■ **Assignment**:
In the records below, repeat word for word only the lines starting at the one that contains "Komplet dziesięciu kości" and ending at the one that contains "Setelah menerima laporan", pictures excluded.

** Opening Information provided block **

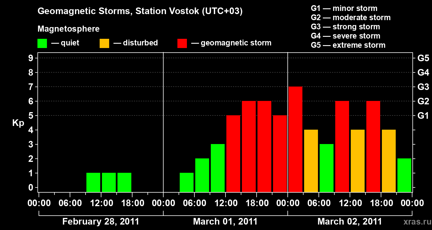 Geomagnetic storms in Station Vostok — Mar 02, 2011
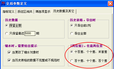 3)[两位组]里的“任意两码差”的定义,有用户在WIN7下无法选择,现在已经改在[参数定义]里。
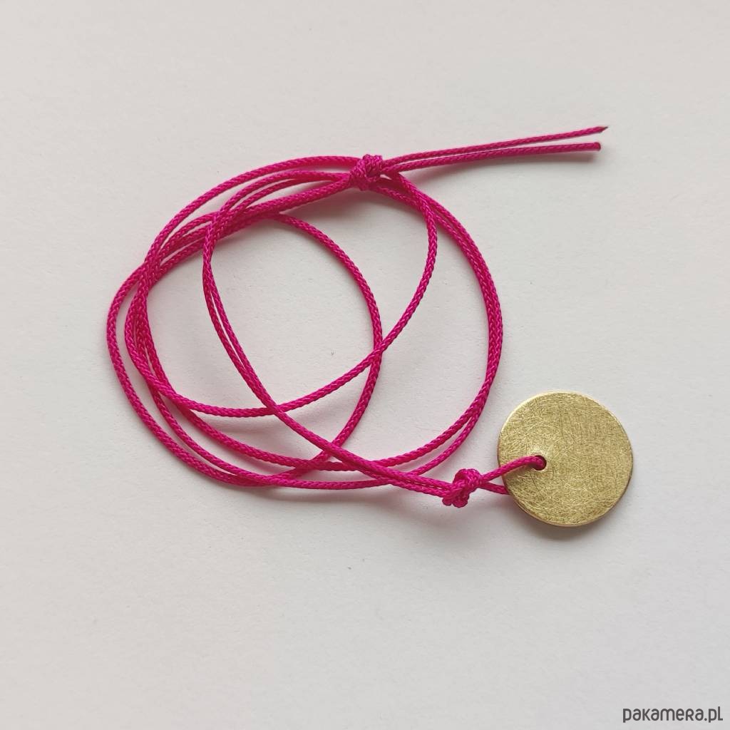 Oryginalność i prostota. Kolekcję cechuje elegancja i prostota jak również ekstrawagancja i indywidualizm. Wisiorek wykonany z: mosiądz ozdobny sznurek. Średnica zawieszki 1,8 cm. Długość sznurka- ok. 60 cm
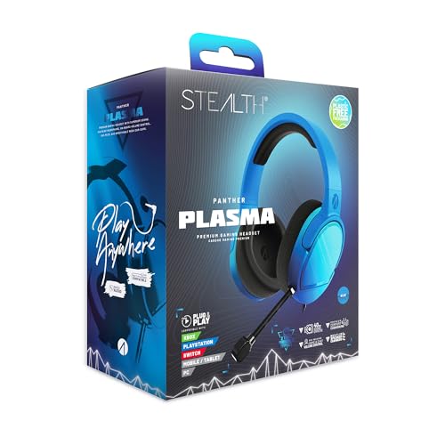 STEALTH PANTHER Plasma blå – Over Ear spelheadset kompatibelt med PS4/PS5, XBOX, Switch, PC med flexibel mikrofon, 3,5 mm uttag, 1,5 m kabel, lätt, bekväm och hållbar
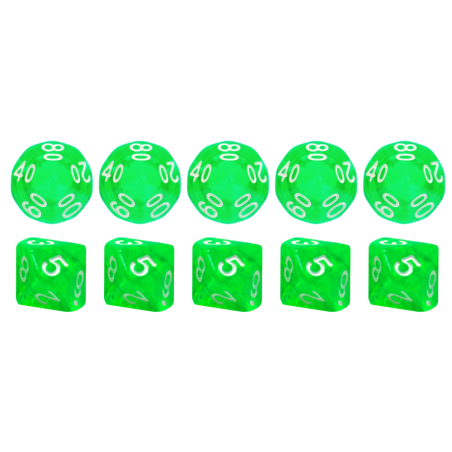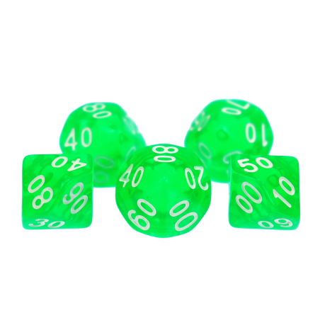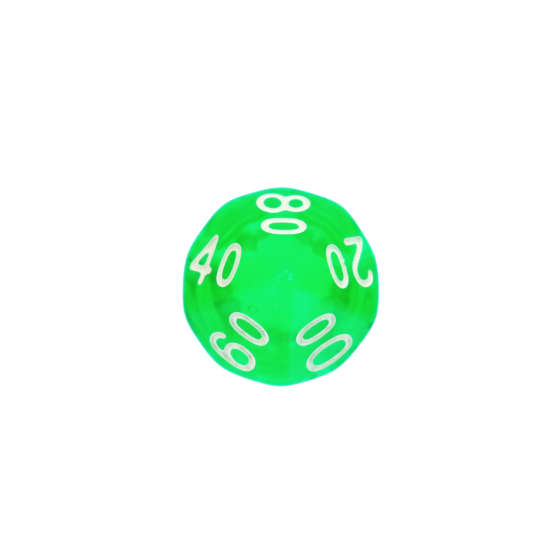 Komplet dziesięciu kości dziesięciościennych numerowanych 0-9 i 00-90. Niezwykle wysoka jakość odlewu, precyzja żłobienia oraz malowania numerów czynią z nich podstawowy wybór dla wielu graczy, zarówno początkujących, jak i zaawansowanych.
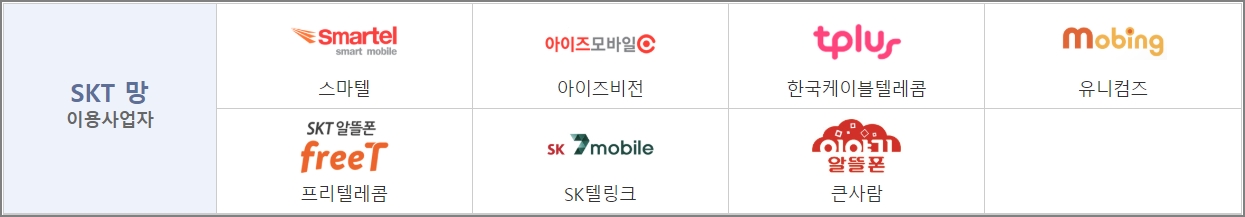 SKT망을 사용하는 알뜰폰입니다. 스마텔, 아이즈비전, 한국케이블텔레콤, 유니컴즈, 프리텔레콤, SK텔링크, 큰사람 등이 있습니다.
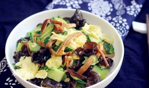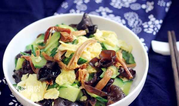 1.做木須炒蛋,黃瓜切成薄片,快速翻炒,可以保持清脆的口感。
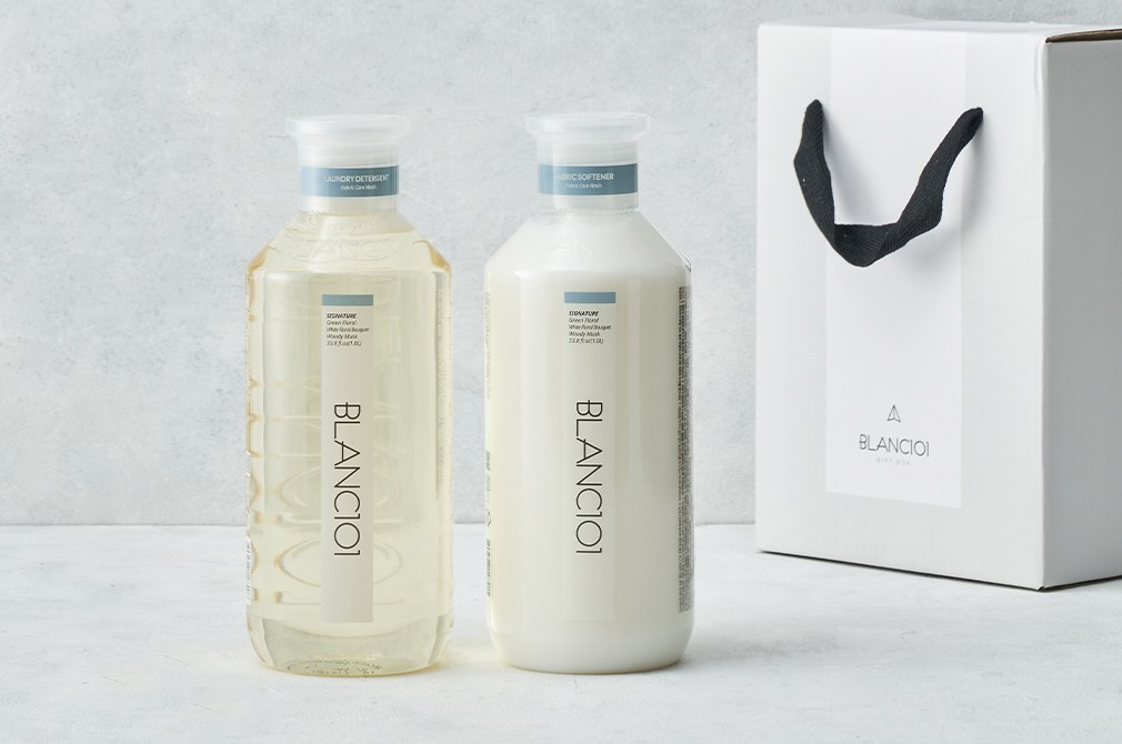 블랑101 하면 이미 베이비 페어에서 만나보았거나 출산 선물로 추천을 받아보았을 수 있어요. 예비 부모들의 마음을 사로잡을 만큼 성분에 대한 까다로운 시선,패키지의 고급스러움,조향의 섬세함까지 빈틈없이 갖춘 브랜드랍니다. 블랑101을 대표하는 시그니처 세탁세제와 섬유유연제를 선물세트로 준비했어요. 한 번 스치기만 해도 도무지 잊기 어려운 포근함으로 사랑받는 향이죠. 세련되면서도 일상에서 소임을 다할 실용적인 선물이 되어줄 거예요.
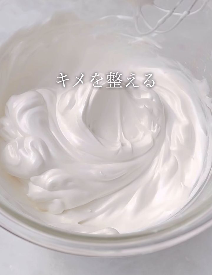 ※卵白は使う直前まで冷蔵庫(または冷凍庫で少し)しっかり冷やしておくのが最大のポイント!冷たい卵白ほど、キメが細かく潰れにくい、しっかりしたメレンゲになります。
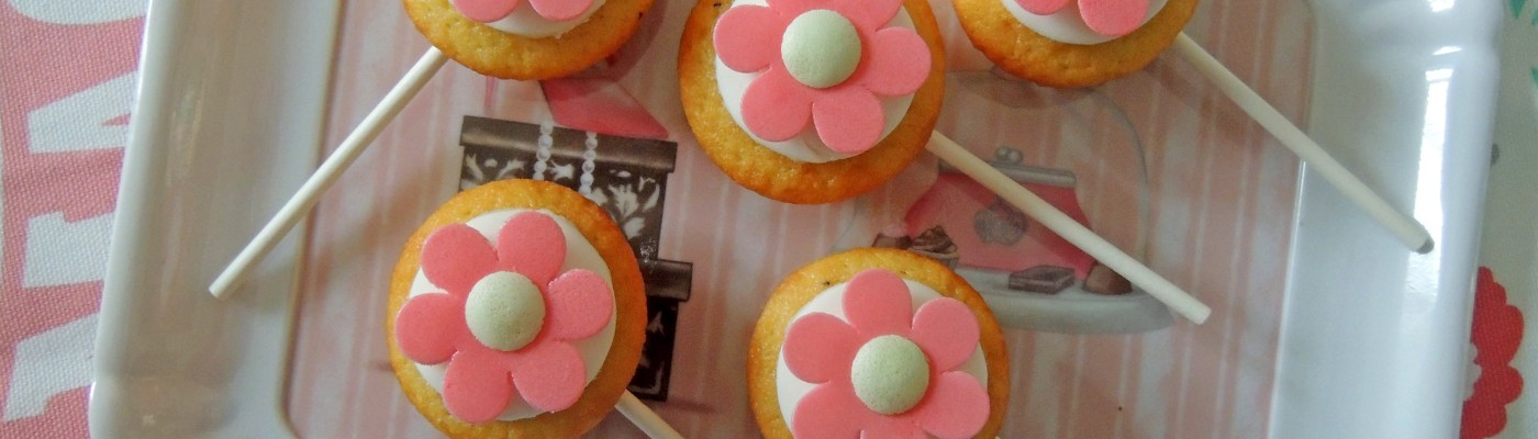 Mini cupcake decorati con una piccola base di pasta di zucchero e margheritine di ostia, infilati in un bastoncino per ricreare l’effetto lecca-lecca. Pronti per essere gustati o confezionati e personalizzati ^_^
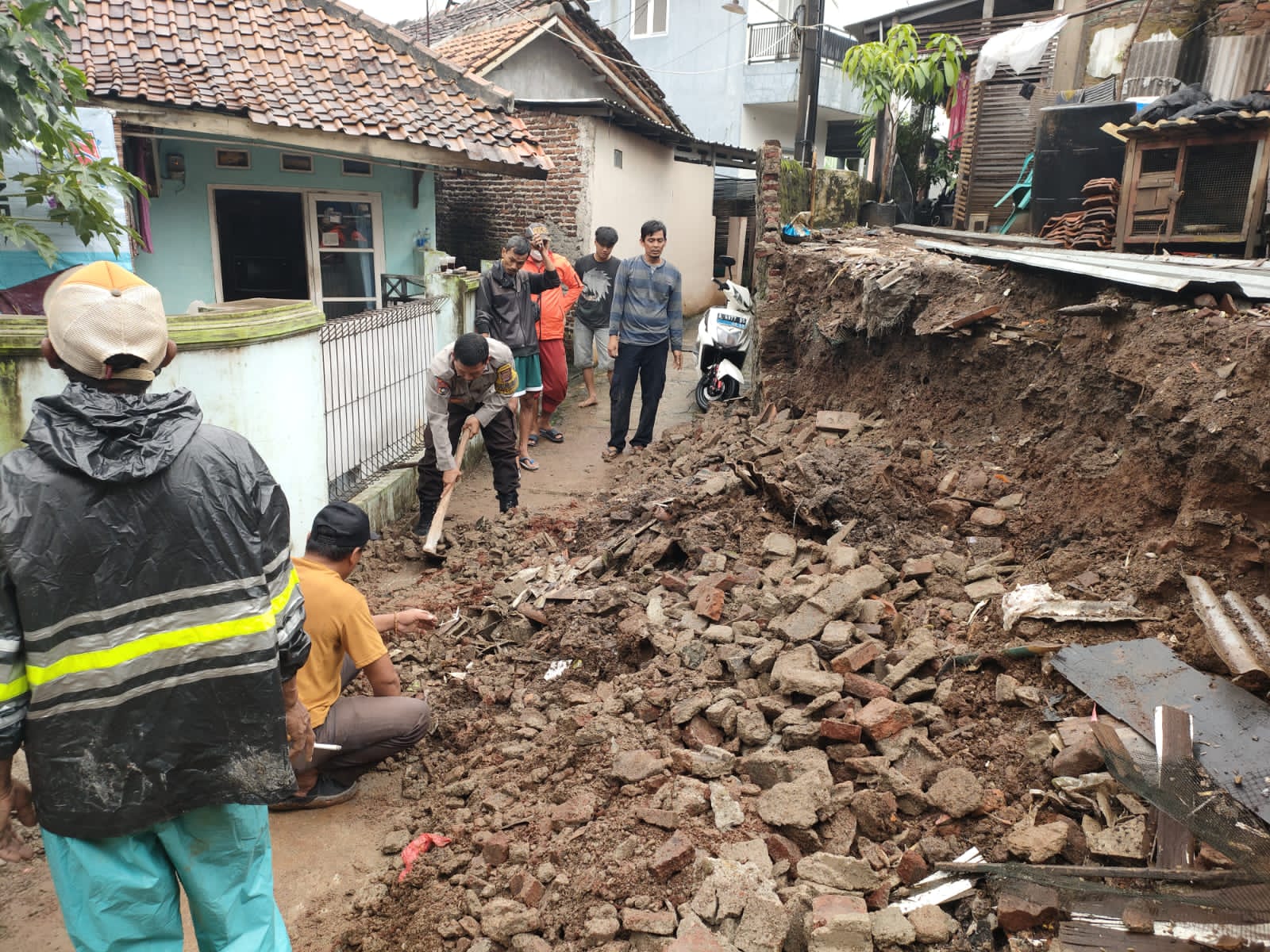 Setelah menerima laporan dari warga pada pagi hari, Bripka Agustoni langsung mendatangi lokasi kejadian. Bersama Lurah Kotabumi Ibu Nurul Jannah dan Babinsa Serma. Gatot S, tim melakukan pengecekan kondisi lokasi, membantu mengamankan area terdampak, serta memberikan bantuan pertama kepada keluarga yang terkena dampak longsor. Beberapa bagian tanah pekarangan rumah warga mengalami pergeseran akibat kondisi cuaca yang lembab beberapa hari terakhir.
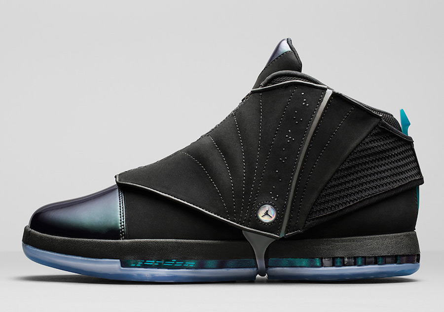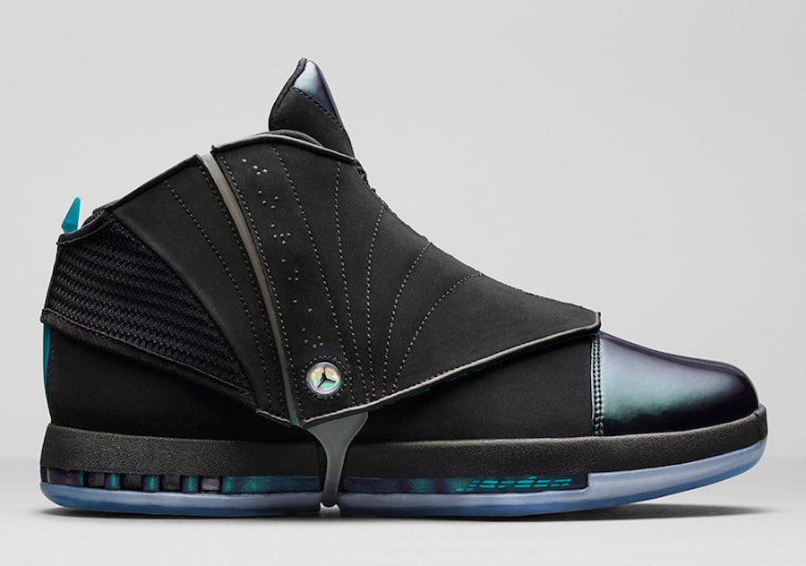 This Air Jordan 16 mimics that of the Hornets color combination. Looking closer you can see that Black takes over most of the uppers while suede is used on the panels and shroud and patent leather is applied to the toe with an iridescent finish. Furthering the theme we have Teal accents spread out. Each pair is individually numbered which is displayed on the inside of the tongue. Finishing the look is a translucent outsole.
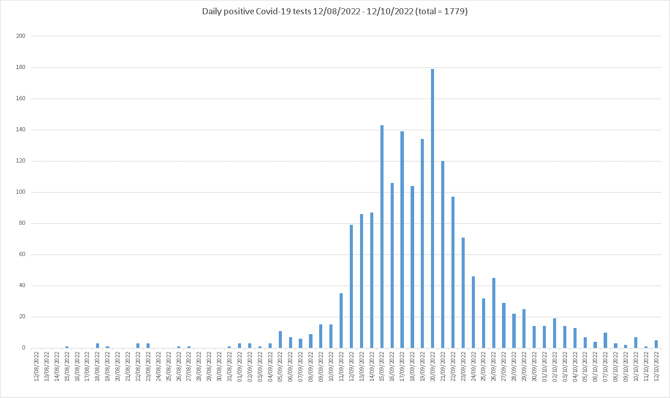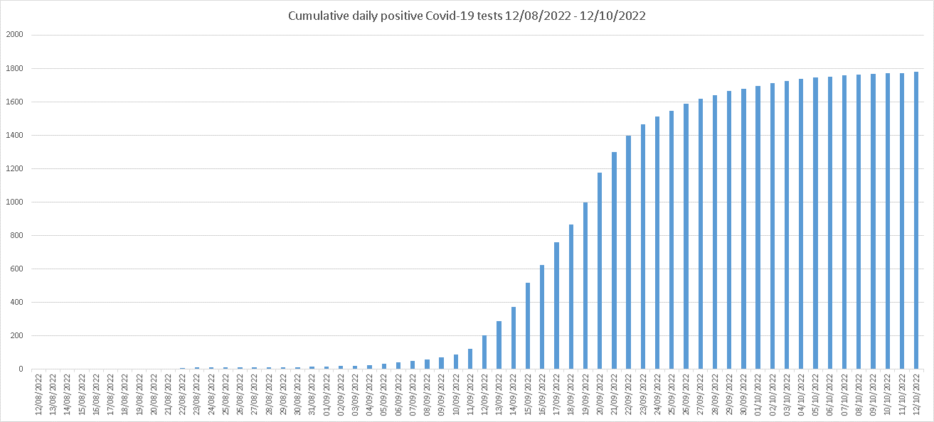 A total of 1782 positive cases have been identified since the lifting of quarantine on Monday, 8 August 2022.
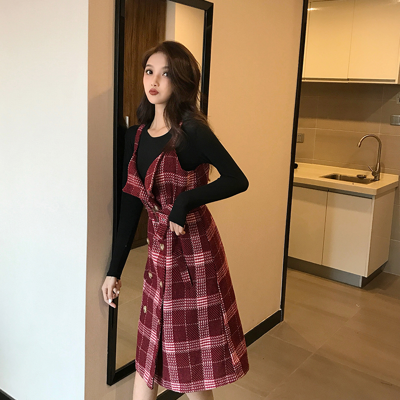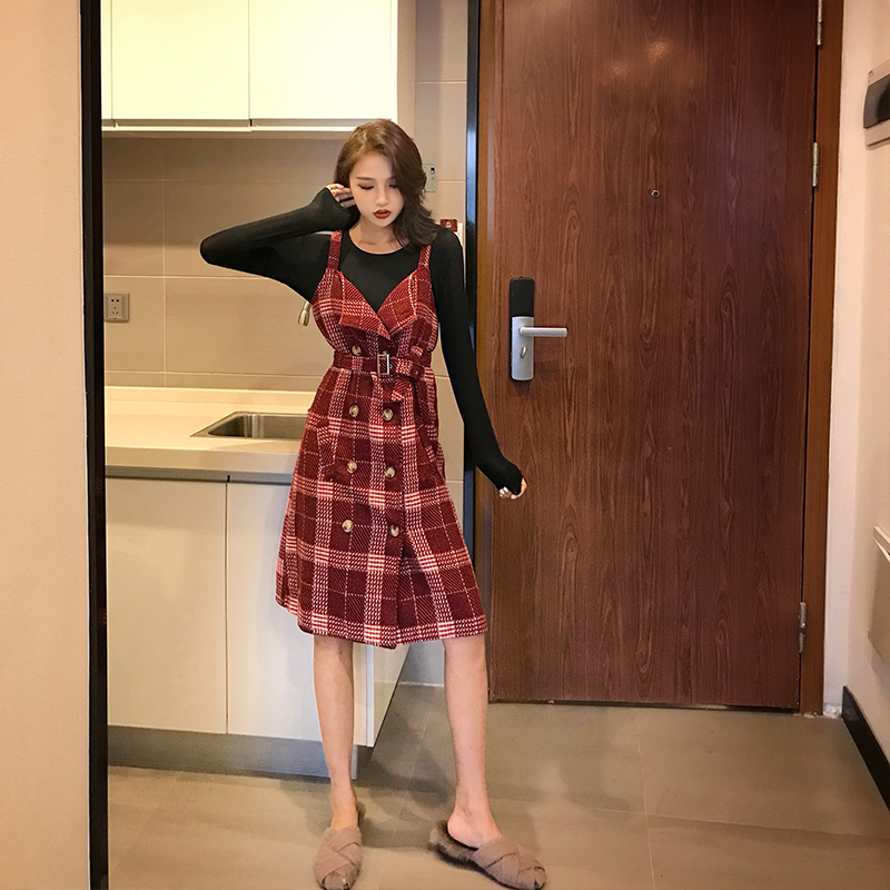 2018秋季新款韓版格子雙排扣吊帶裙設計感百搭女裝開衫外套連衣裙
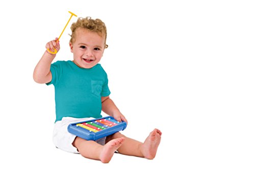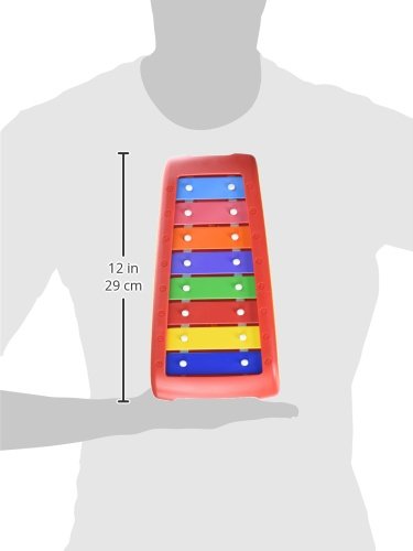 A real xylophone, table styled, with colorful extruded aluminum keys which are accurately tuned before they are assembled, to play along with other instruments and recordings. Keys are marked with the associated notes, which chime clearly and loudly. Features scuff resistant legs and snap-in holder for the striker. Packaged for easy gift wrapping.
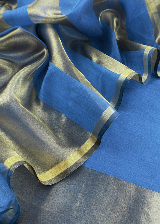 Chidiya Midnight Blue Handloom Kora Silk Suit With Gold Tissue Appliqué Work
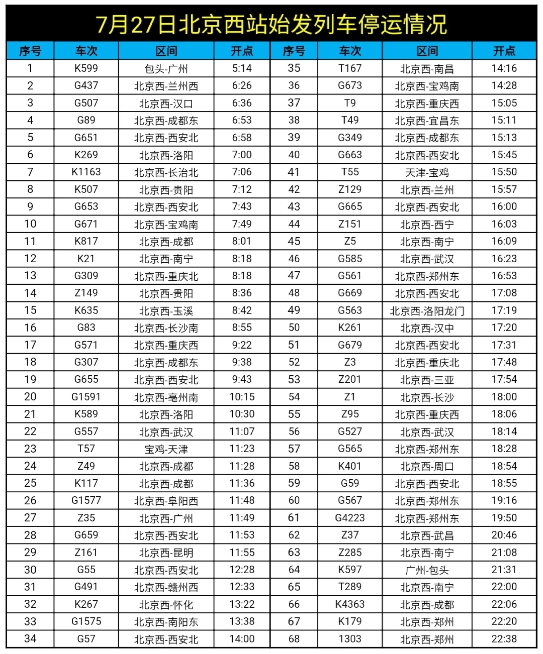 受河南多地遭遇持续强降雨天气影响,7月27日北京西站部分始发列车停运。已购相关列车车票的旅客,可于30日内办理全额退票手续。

** Closing Information provided block **

■ **Finished task**:
 Komplet dziesięciu kości dziesięciościennych numerowanych 0-9 i 00-90. Niezwykle wysoka jakość odlewu, precyzja żłobienia oraz malowania numerów czynią z nich podstawowy wybór dla wielu graczy, zarówno początkujących, jak i zaawansowanych.
 SKT망을 사용하는 알뜰폰입니다. 스마텔, 아이즈비전, 한국케이블텔레콤, 유니컴즈, 프리텔레콤, SK텔링크, 큰사람 등이 있습니다.
 1.做木須炒蛋,黃瓜切成薄片,快速翻炒,可以保持清脆的口感。
 블랑101 하면 이미 베이비 페어에서 만나보았거나 출산 선물로 추천을 받아보았을 수 있어요. 예비 부모들의 마음을 사로잡을 만큼 성분에 대한 까다로운 시선,패키지의 고급스러움,조향의 섬세함까지 빈틈없이 갖춘 브랜드랍니다. 블랑101을 대표하는 시그니처 세탁세제와 섬유유연제를 선물세트로 준비했어요. 한 번 스치기만 해도 도무지 잊기 어려운 포근함으로 사랑받는 향이죠. 세련되면서도 일상에서 소임을 다할 실용적인 선물이 되어줄 거예요.
 ※卵白は使う直前まで冷蔵庫(または冷凍庫で少し)しっかり冷やしておくのが最大のポイント!冷たい卵白ほど、キメが細かく潰れにくい、しっかりしたメレンゲになります。
 Mini cupcake decorati con una piccola base di pasta di zucchero e margheritine di ostia, infilati in un bastoncino per ricreare l’effetto lecca-lecca. Pronti per essere gustati o confezionati e personalizzati ^_^
 Setelah menerima laporan dari warga pada pagi hari, Bripka Agustoni langsung mendatangi lokasi kejadian. Bersama Lurah Kotabumi Ibu Nurul Jannah dan Babinsa Serma. Gatot S, tim melakukan pengecekan kondisi lokasi, membantu mengamankan area terdampak, serta memberikan bantuan pertama kepada keluarga yang terkena dampak longsor. Beberapa bagian tanah pekarangan rumah warga mengalami pergeseran akibat kondisi cuaca yang lembab beberapa hari terakhir.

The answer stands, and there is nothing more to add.